Читаем Ослиная скамья (Фельетоны, рассказы) полностью

Чтобы заглушить голод, я курил цигарку за цигаркой, а потом начал потихоньку вытаскивать из ранца соседа колбаски: я приметил их еще днем, и теперь они ввели меня в искушение!.. Рядом лежал наш левофланговый и с тоской поглядывал на мою цигарку.

- Дай-ка, брат, закурить. У меня нет ни крошки табаку, - попросил он наконец.

- На. А нет ли у тебя во фляжке воды? Пить хочется!

- Нет, нету!

Закурив, он начал спрашивать соседей, нет ли у кого-нибудь воды. Ему очень хотелось отблагодарить меня, но ни у кого не оказалось ни капли. А на улице - наводнение.

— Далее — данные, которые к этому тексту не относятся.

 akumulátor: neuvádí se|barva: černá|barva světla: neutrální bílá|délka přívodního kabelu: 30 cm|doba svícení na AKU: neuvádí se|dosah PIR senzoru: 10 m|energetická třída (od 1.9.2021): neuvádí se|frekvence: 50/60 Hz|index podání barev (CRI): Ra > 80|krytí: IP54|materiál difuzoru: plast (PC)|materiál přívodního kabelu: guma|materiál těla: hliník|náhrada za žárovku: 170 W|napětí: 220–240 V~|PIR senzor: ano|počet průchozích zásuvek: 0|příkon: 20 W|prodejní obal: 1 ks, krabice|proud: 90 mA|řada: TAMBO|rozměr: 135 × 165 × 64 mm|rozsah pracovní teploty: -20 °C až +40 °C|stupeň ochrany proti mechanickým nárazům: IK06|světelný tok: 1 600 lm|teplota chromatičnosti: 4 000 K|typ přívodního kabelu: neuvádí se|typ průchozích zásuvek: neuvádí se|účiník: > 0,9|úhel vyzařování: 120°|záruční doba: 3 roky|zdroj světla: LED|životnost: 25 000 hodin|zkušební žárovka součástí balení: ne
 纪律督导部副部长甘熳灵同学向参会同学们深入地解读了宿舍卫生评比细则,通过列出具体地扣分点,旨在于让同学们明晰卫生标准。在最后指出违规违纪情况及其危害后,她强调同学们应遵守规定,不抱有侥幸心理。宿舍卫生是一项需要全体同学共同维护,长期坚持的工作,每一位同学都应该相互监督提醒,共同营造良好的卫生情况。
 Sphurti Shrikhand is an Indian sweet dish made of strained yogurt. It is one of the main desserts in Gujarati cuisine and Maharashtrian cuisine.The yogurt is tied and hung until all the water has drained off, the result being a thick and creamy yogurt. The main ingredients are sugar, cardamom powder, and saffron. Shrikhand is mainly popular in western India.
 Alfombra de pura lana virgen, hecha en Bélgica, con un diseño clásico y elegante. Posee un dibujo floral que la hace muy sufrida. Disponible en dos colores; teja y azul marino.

А мне-таки сильно хотелось пить.

Я потянулся, чтобы взять с живота своего соседа котелок, уже наполненный дождевой водой, но левофланговый остановил меня:

- Не нужно! У меня есть яблоко. Я хотел было его приберечь, но уж если тебе так хочется пить...

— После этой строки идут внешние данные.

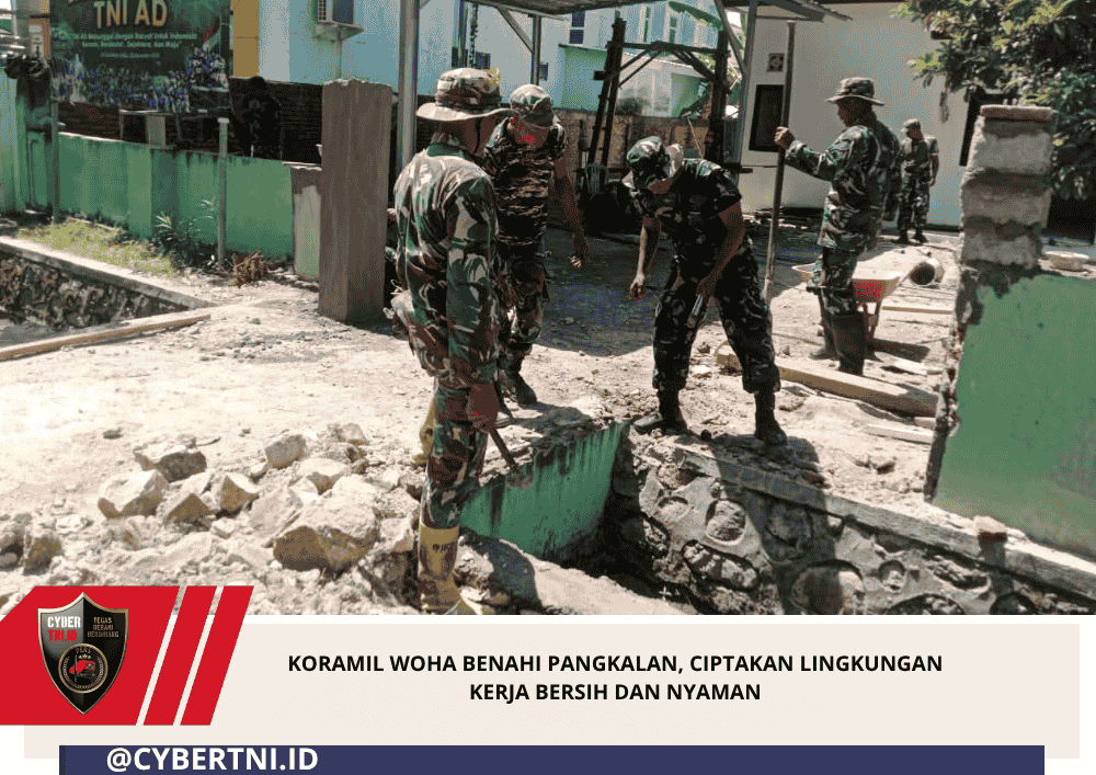 CyberTNI.id | Kabupaten Bima — Koramil 1608-04/Woha menunjukkan komitmennya dalam menciptakan lingkungan kerja yang bersih, rapi, dan nyaman melalui kegiatan pembenahan pangkalan di Makoramil yang berlokasi di Desa Tente, Kecamatan Woha, Kamis (23/04/2026).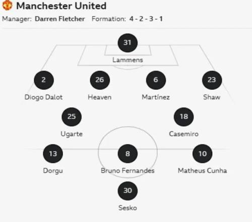 弗莱彻徇众要求安排了4231的阵型,队长布鲁诺·费尔南德斯伤愈复出首发并回到了10号位,与谢什科、帕特里克·多古和库尼亚组成进攻线,卡塞米罗和乌加特担任后腰,防线仍然是迪奥古·达洛、埃登·海文、利桑德罗·马丁内斯和卢克·肖,门将自然是塞纳·拉门斯。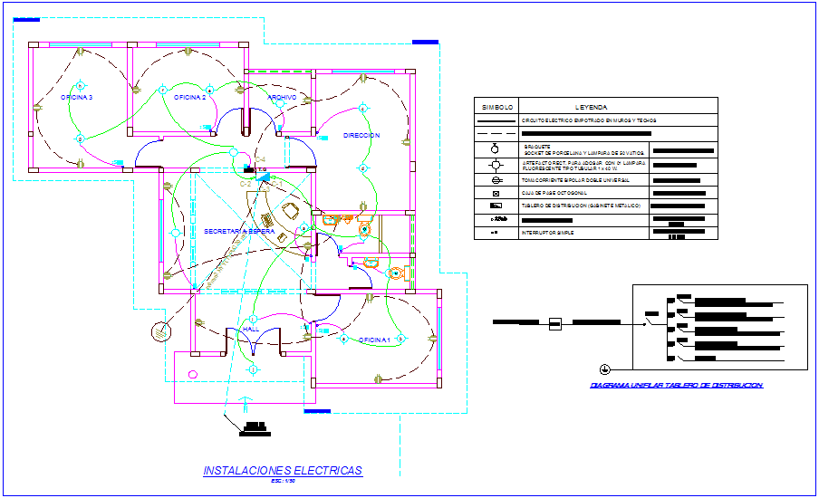 Electrical installation plan of office dwg file in plan with view of area view of office with wall view and electrical line view with its connection and joint with its legend view and view of distribution board of electrical system with necessary detail.
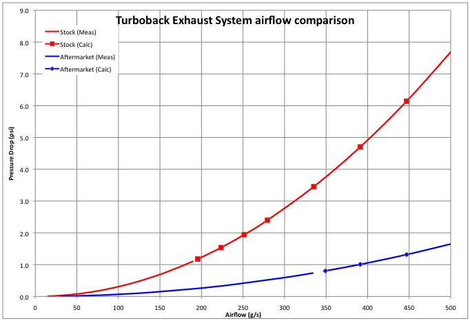 Flow testing the full B5 S4 turboback exhaust system and comparing to the results of testing the Autospeed downpipes and 034 Motorsports 3.5″ single (3″ mid-pipes with dual Magnaflow mufflers) exhaust system.
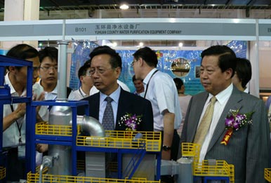 全国人大常委会副委员长陈昌智和环保部部长周生贤参观展览。 《能源世界》记者卫维 摄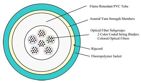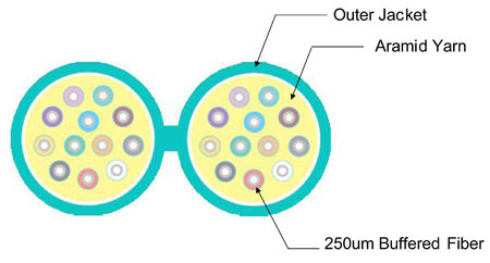 Diagrammed above is the cross section of the two cables. Each cable jacket has a diameter of 6.3mm, 72 optical fibers, aramid yarn, and an inner jacket. The assembly measures approximately 14.6mm including the “shotgun” overall jacket.

Вытащив большое румяное яблоко, он разрезал его на две части, одну дал мне, а вторую снова спрятал в ранец.

- А зачем ты оставил другую половину? Почему не ешь? Ведь испортится.

Он посмотрел на меня, словно хотел сказать взглядом: "Если бы ты знал!.."

- Это дал тебе кто-нибудь из родных?

- Нет. Это я получил, знаешь... это... это... так от одного человека.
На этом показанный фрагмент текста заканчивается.